§ TASK INPUTS:

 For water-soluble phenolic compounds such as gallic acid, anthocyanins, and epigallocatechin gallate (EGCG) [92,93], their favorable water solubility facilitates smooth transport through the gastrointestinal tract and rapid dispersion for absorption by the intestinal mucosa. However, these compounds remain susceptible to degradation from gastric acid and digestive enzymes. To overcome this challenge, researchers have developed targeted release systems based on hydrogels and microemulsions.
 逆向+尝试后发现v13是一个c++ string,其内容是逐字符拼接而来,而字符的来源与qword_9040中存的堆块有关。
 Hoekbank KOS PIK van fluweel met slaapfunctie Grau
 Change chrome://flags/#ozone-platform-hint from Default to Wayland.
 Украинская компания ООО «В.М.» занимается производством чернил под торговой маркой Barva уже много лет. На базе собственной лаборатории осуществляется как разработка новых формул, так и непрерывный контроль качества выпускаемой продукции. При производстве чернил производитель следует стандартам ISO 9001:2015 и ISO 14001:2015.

--

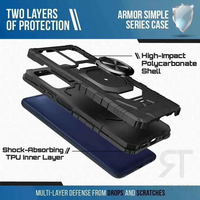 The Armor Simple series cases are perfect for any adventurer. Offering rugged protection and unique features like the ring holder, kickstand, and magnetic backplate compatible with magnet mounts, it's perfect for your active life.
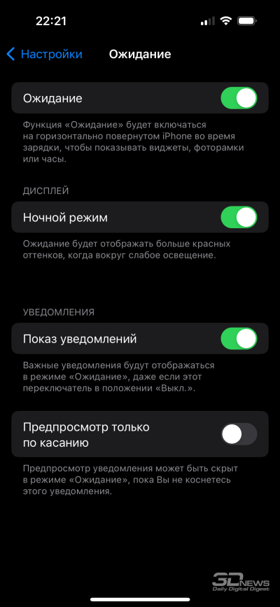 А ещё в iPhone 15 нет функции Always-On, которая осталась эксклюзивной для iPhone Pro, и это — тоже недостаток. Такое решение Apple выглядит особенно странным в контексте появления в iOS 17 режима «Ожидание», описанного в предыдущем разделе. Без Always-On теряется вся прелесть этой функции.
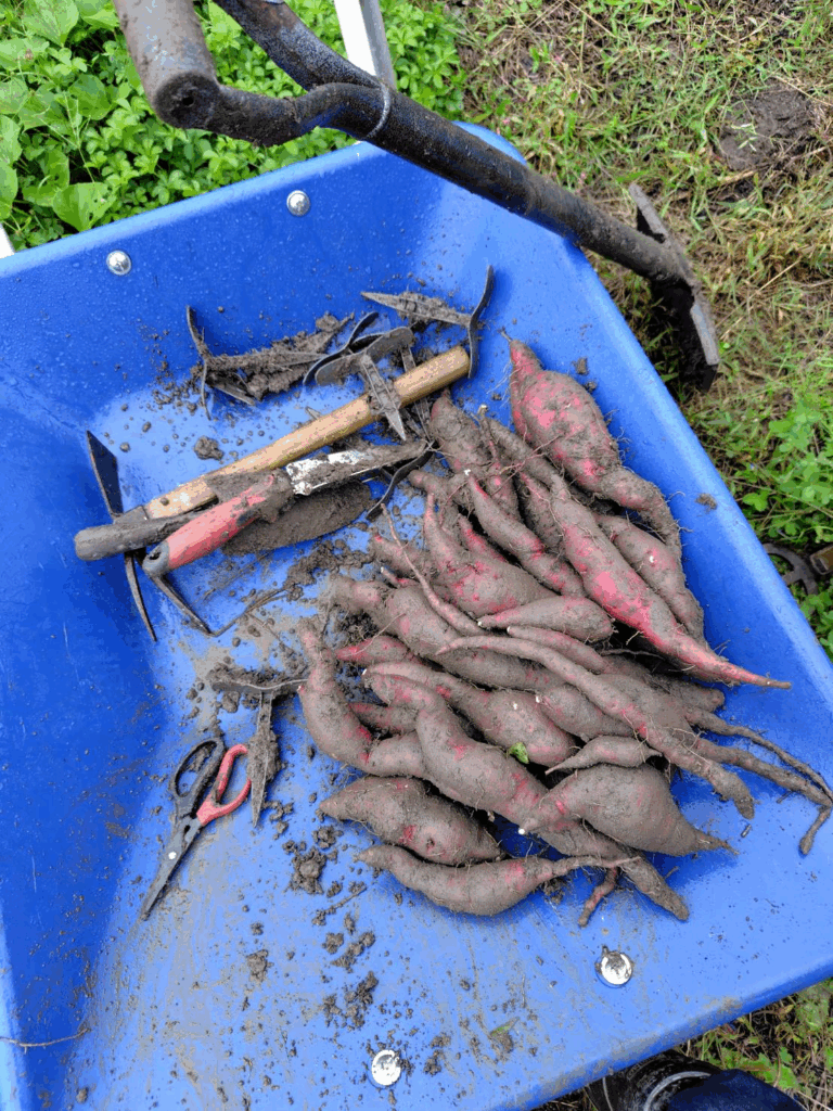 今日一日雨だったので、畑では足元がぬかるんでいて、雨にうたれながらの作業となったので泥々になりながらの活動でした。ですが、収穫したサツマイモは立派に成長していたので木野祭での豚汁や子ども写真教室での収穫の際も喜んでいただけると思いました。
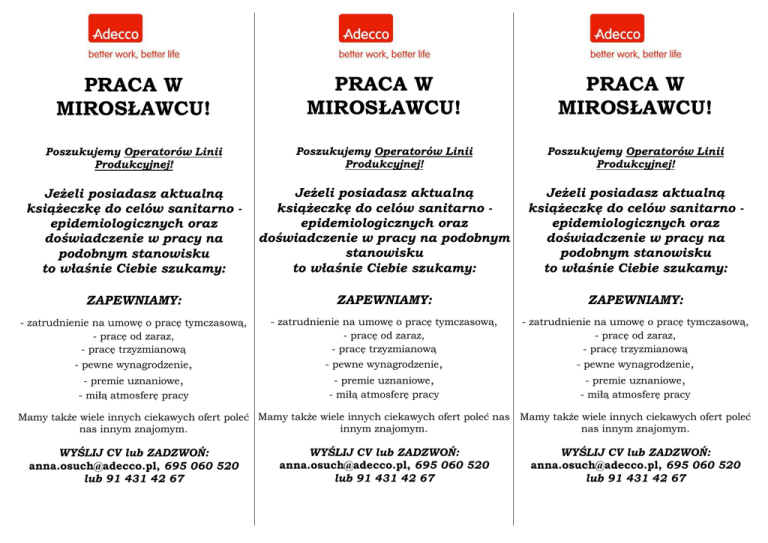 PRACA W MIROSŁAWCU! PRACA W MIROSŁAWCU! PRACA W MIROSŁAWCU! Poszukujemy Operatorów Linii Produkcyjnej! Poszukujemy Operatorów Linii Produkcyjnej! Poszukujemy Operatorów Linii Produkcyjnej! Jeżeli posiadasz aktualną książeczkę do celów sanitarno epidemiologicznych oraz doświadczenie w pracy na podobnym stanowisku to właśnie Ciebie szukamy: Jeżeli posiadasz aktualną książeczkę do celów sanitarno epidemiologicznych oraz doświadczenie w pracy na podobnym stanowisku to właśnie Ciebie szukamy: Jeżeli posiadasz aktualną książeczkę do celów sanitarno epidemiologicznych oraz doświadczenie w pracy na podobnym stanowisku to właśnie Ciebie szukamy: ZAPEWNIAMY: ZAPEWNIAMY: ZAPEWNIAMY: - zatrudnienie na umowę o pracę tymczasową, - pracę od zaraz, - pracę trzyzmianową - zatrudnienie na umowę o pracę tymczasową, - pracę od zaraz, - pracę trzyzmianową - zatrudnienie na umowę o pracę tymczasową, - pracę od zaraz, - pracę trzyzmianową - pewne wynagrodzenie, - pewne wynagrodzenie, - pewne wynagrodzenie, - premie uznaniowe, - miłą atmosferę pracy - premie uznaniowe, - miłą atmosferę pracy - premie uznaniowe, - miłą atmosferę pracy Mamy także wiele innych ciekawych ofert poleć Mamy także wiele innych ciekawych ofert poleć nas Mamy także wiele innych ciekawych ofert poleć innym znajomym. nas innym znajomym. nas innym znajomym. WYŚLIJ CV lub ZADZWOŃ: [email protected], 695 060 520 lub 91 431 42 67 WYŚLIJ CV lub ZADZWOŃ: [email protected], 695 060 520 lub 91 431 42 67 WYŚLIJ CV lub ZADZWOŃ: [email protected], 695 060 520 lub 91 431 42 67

==

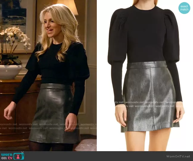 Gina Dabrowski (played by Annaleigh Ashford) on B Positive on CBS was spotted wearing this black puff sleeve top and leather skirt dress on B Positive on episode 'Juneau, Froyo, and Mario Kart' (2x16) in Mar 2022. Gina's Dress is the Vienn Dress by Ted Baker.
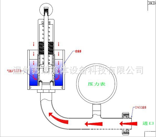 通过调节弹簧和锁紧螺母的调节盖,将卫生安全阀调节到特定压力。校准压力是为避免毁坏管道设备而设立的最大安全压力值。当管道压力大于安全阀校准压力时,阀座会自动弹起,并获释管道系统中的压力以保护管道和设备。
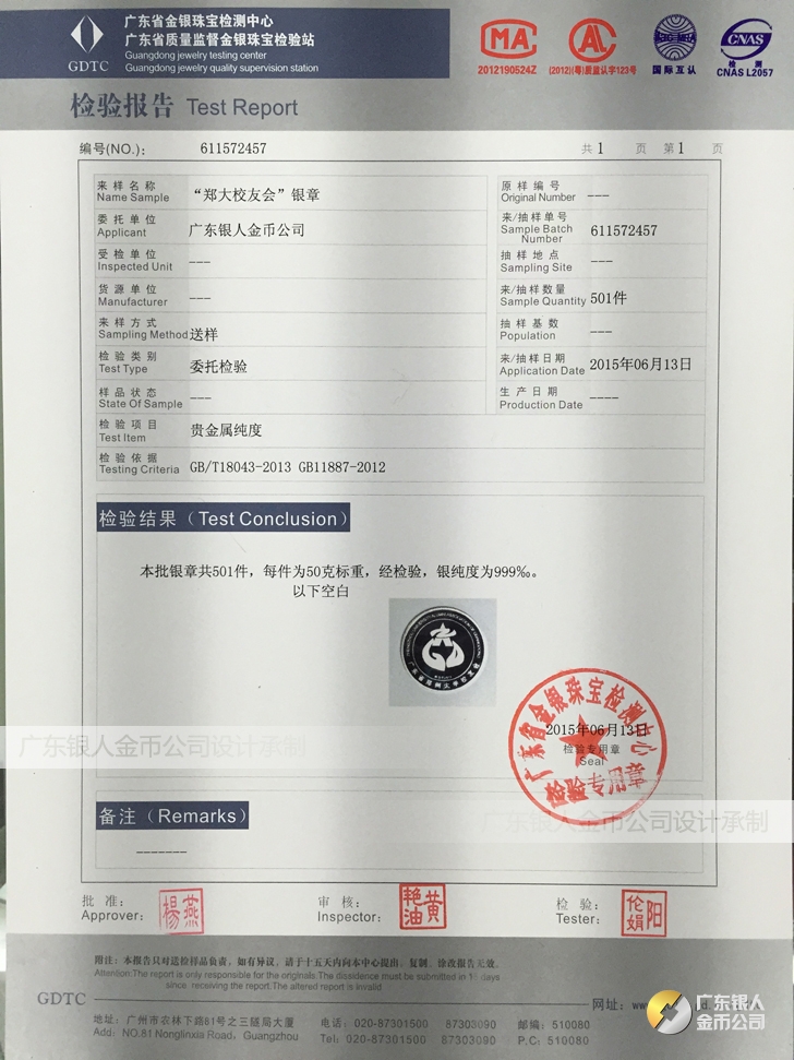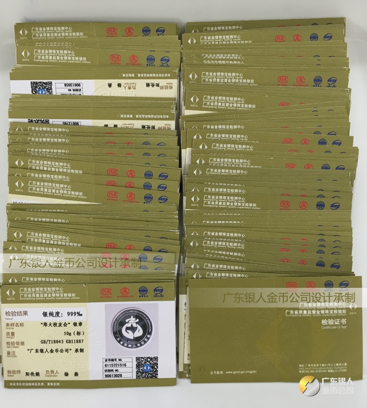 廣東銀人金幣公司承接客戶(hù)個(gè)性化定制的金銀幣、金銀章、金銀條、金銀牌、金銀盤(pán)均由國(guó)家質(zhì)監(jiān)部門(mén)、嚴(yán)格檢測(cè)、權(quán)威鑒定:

§ HOW TO COMPLETE THIS TASK:
For the material above, reproduce exactly the lines from the line with "For water-soluble phenolic" to the line with "Украинская компания ООО", inclusive, and exclude all others.

§ EXERCISE RESULT:
 For water-soluble phenolic compounds such as gallic acid, anthocyanins, and epigallocatechin gallate (EGCG) [92,93], their favorable water solubility facilitates smooth transport through the gastrointestinal tract and rapid dispersion for absorption by the intestinal mucosa. However, these compounds remain susceptible to degradation from gastric acid and digestive enzymes. To overcome this challenge, researchers have developed targeted release systems based on hydrogels and microemulsions.
 逆向+尝试后发现v13是一个c++ string,其内容是逐字符拼接而来,而字符的来源与qword_9040中存的堆块有关。
 Hoekbank KOS PIK van fluweel met slaapfunctie Grau
 Change chrome://flags/#ozone-platform-hint from Default to Wayland.
 Украинская компания ООО «В.М.» занимается производством чернил под торговой маркой Barva уже много лет. На базе собственной лаборатории осуществляется как разработка новых формул, так и непрерывный контроль качества выпускаемой продукции. При производстве чернил производитель следует стандартам ISO 9001:2015 и ISO 14001:2015.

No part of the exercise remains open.